- Task statement:
Transcribe the listing below exactly, without pictures.

- Source data:
== Segment start ==

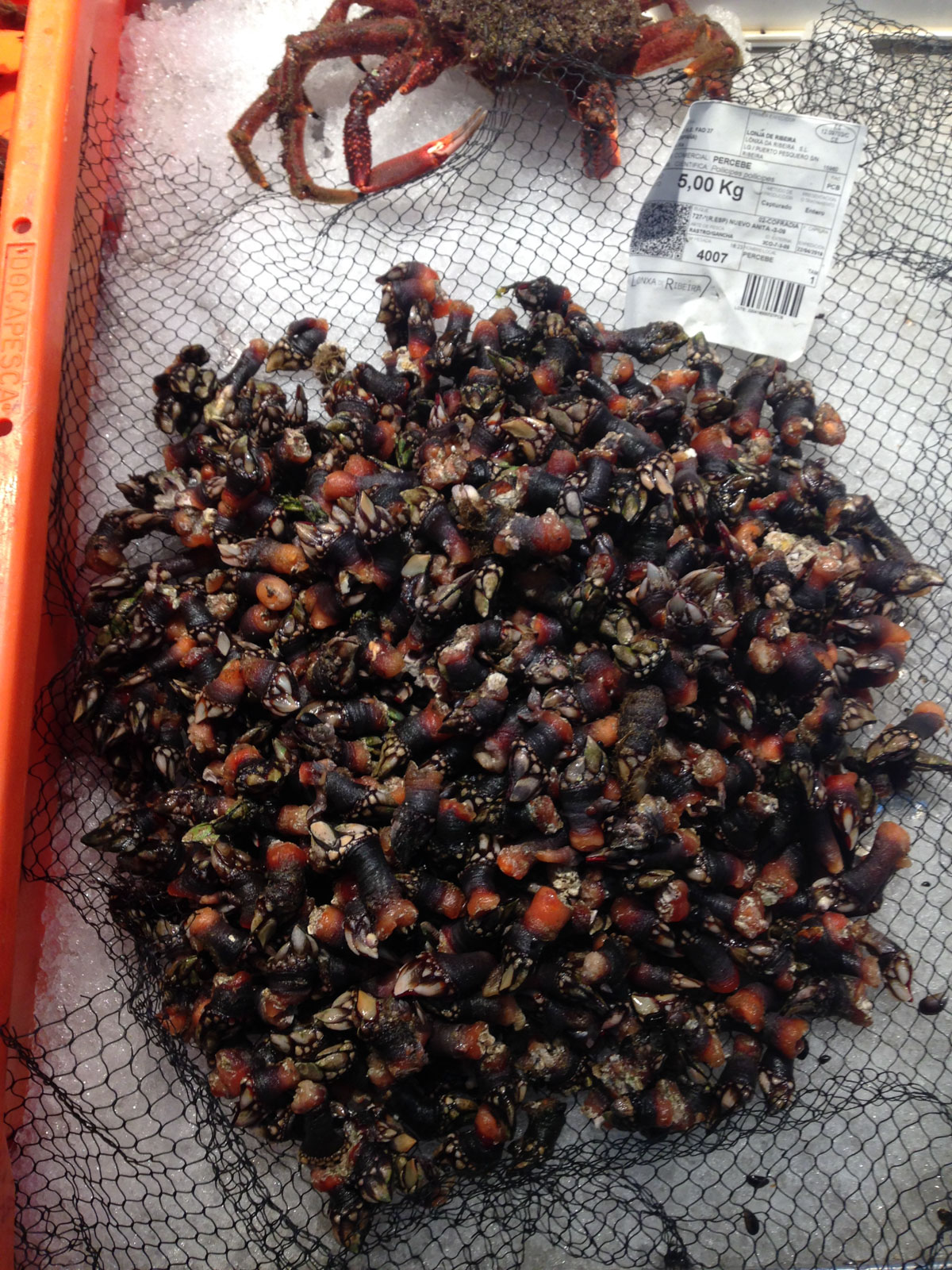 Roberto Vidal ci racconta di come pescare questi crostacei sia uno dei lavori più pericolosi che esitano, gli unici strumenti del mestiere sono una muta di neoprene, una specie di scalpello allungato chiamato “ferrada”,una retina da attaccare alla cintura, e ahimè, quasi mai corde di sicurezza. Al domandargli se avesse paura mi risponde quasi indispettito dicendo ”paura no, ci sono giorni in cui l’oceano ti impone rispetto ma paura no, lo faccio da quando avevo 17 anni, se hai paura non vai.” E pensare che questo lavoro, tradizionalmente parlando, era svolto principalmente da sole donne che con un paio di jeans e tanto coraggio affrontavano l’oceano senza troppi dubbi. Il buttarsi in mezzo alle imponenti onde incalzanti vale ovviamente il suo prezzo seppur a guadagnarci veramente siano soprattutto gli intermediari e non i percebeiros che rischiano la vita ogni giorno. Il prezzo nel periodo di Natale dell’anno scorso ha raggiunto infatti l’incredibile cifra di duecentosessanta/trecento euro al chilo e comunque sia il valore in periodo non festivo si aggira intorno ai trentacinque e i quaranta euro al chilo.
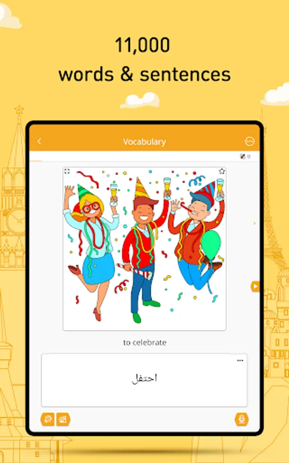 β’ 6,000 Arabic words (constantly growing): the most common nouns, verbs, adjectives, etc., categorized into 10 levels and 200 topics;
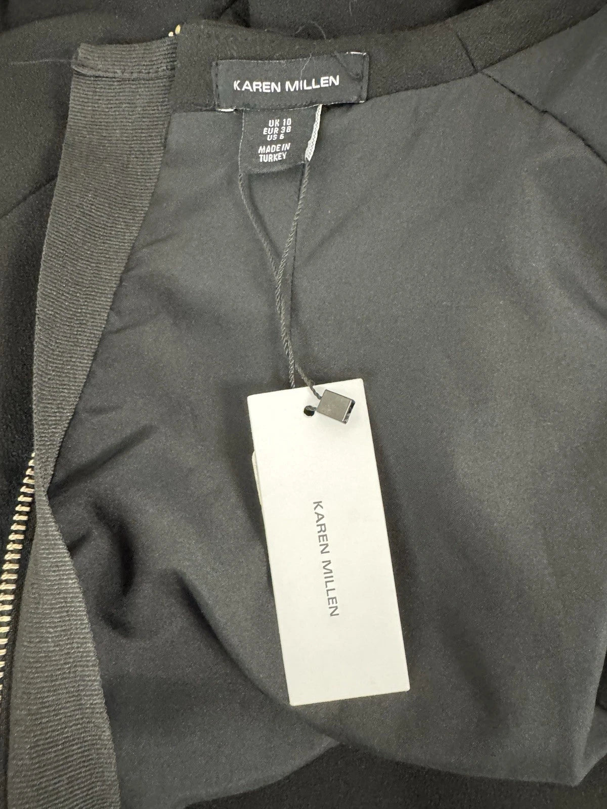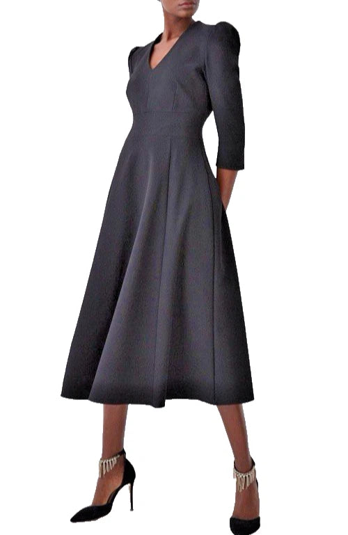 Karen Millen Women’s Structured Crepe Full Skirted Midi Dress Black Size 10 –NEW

== Segment end ==

- Exercise output:
 Roberto Vidal ci racconta di come pescare questi crostacei sia uno dei lavori più pericolosi che esitano, gli unici strumenti del mestiere sono una muta di neoprene, una specie di scalpello allungato chiamato “ferrada”,una retina da attaccare alla cintura, e ahimè, quasi mai corde di sicurezza. Al domandargli se avesse paura mi risponde quasi indispettito dicendo ”paura no, ci sono giorni in cui l’oceano ti impone rispetto ma paura no, lo faccio da quando avevo 17 anni, se hai paura non vai.” E pensare che questo lavoro, tradizionalmente parlando, era svolto principalmente da sole donne che con un paio di jeans e tanto coraggio affrontavano l’oceano senza troppi dubbi. Il buttarsi in mezzo alle imponenti onde incalzanti vale ovviamente il suo prezzo seppur a guadagnarci veramente siano soprattutto gli intermediari e non i percebeiros che rischiano la vita ogni giorno. Il prezzo nel periodo di Natale dell’anno scorso ha raggiunto infatti l’incredibile cifra di duecentosessanta/trecento euro al chilo e comunque sia il valore in periodo non festivo si aggira intorno ai trentacinque e i quaranta euro al chilo.
 β’ 6,000 Arabic words (constantly growing): the most common nouns, verbs, adjectives, etc., categorized into 10 levels and 200 topics;
 Karen Millen Women’s Structured Crepe Full Skirted Midi Dress Black Size 10 –NEW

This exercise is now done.